● **WHAT TO DO**: Return all the lines below exactly. Any picture among them is omitted.

● **DATASET EXCERPT**:
- - - -
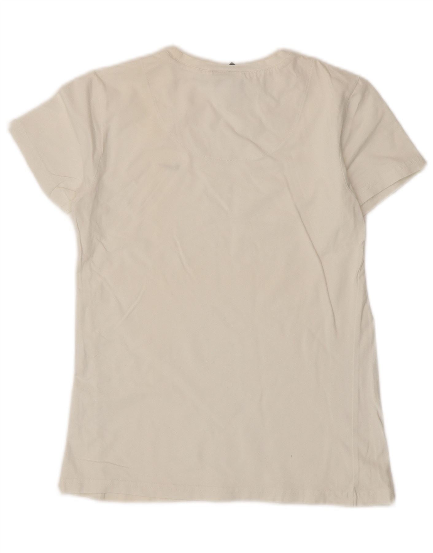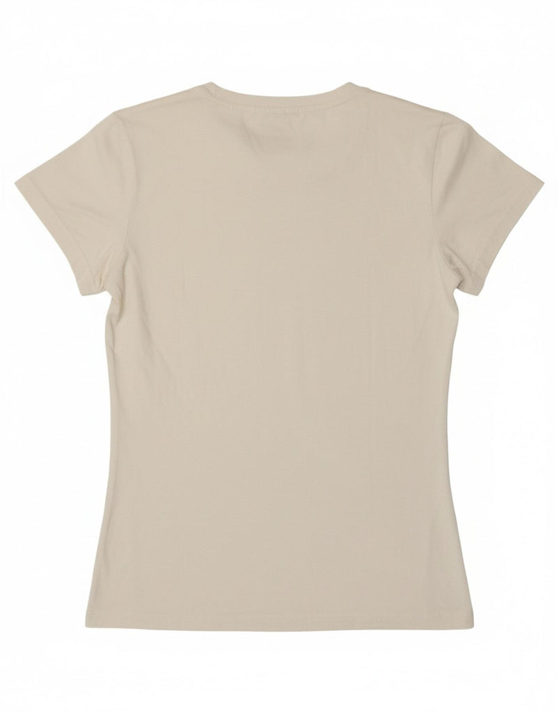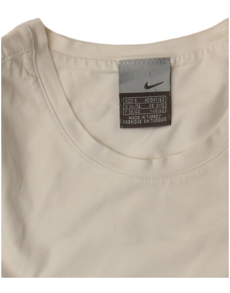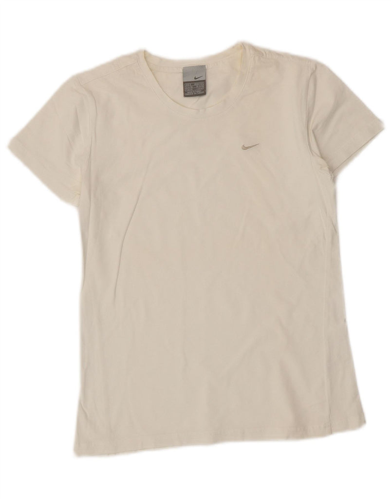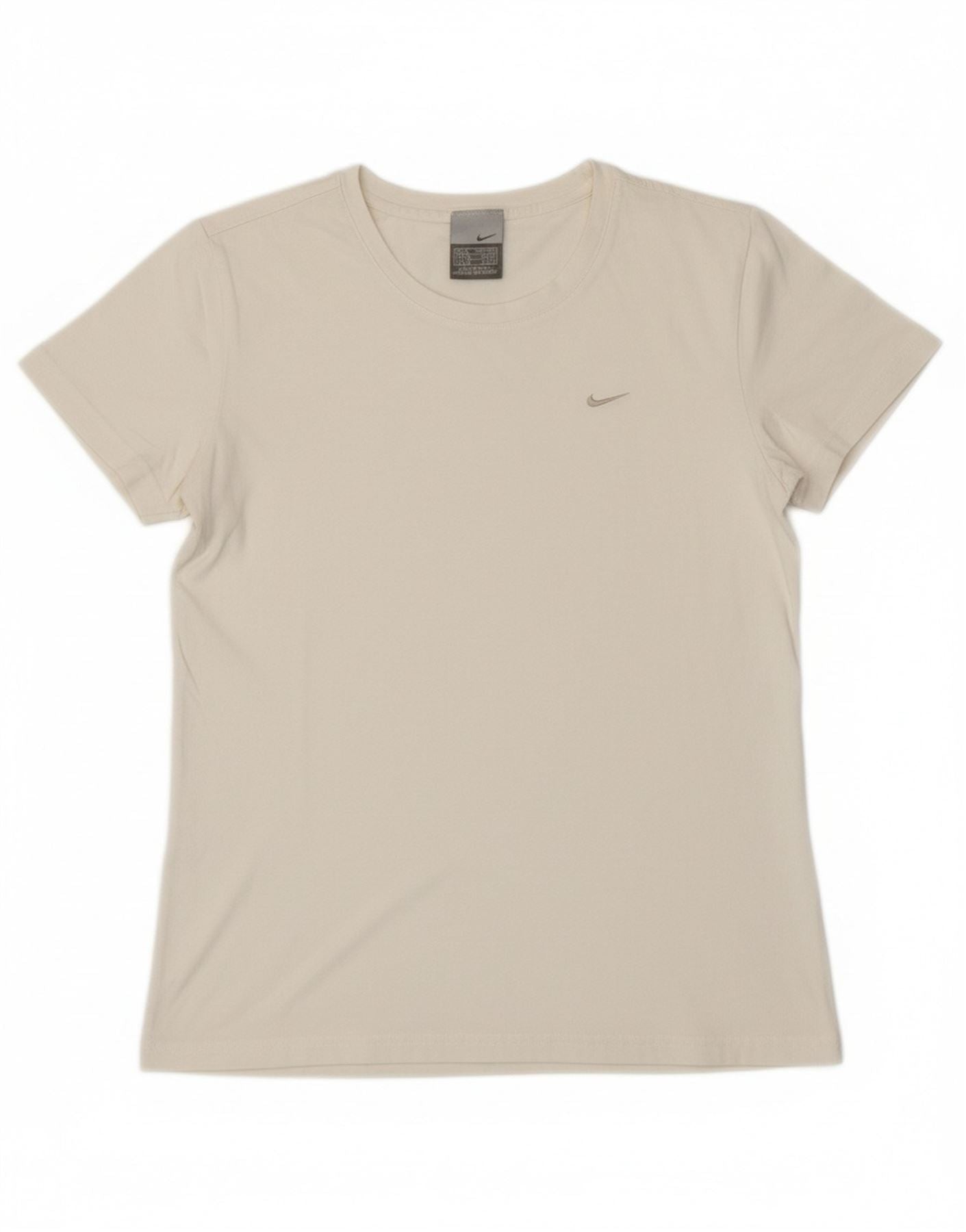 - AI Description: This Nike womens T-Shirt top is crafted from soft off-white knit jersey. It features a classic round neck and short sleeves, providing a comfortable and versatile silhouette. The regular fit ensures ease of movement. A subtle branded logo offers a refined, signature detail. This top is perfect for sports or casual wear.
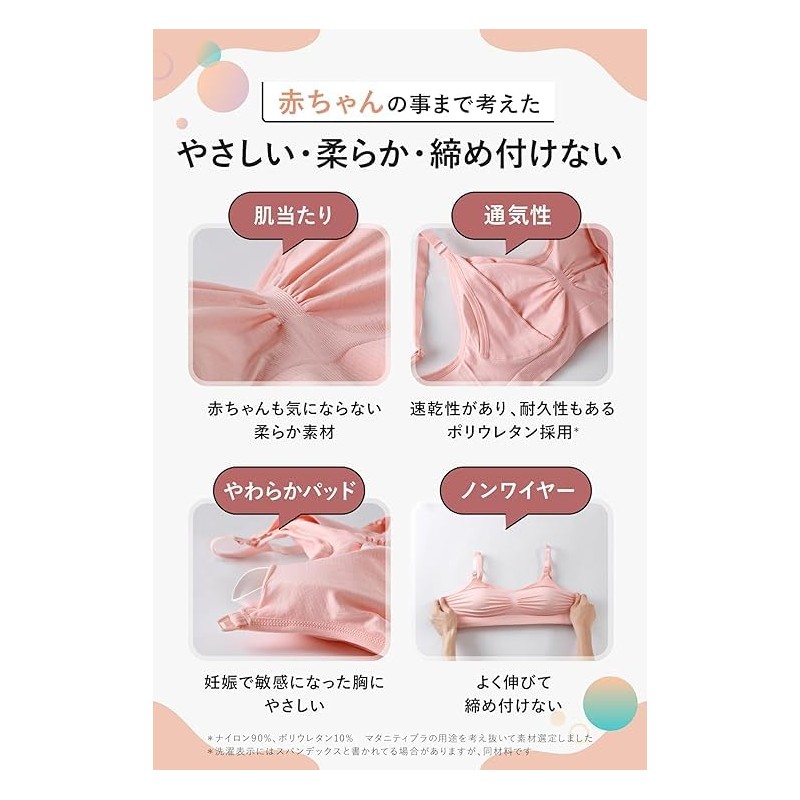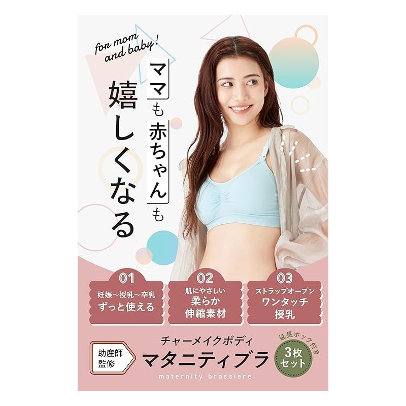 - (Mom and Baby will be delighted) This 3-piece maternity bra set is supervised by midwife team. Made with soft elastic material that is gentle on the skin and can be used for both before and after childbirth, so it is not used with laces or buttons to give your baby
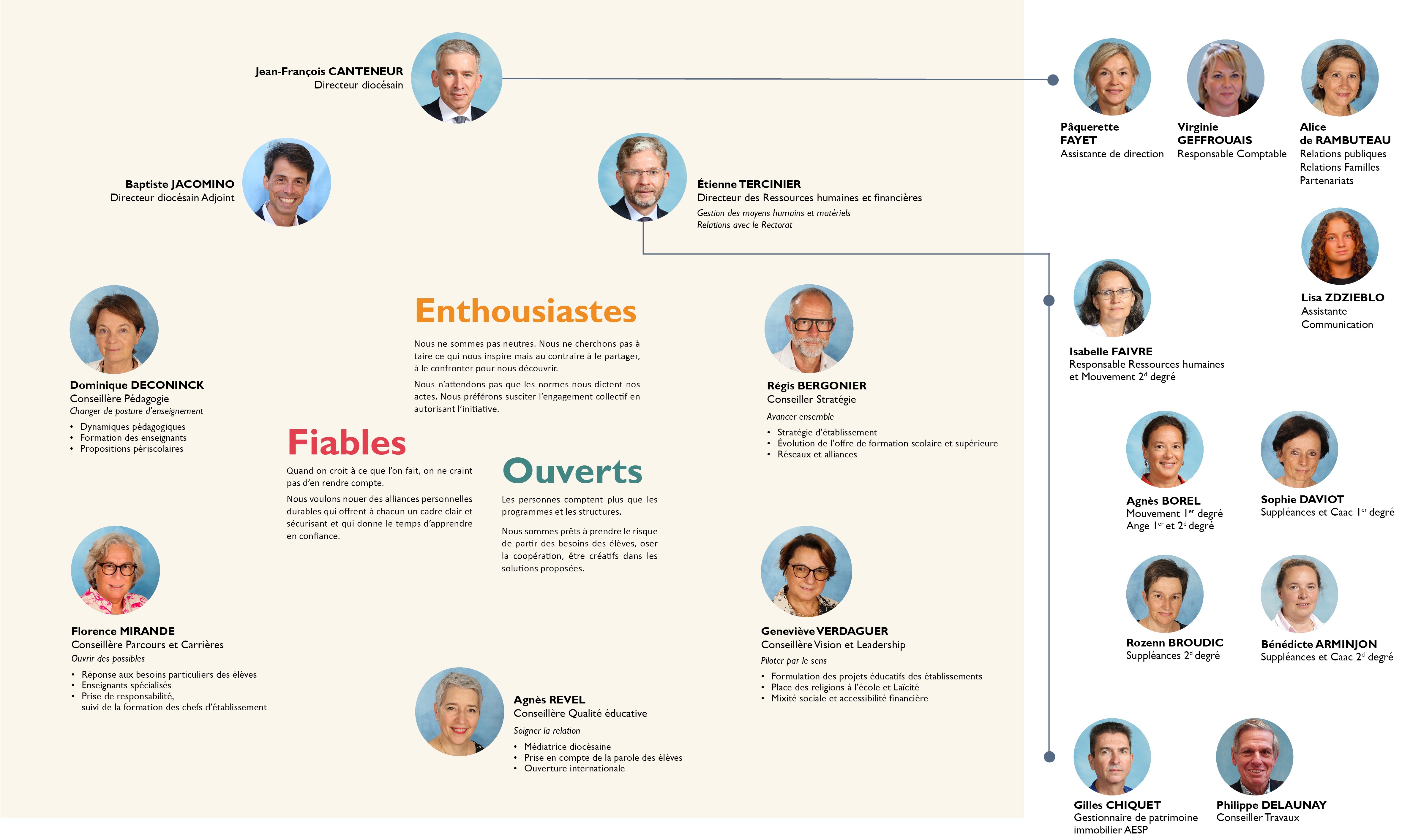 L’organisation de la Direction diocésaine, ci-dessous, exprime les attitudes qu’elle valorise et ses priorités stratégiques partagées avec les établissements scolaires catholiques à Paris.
- - - -
● **RESPONSE**:
 - AI Description: This Nike womens T-Shirt top is crafted from soft off-white knit jersey. It features a classic round neck and short sleeves, providing a comfortable and versatile silhouette. The regular fit ensures ease of movement. A subtle branded logo offers a refined, signature detail. This top is perfect for sports or casual wear.
 - (Mom and Baby will be delighted) This 3-piece maternity bra set is supervised by midwife team. Made with soft elastic material that is gentle on the skin and can be used for both before and after childbirth, so it is not used with laces or buttons to give your baby
 L’organisation de la Direction diocésaine, ci-dessous, exprime les attitudes qu’elle valorise et ses priorités stratégiques partagées avec les établissements scolaires catholiques à Paris.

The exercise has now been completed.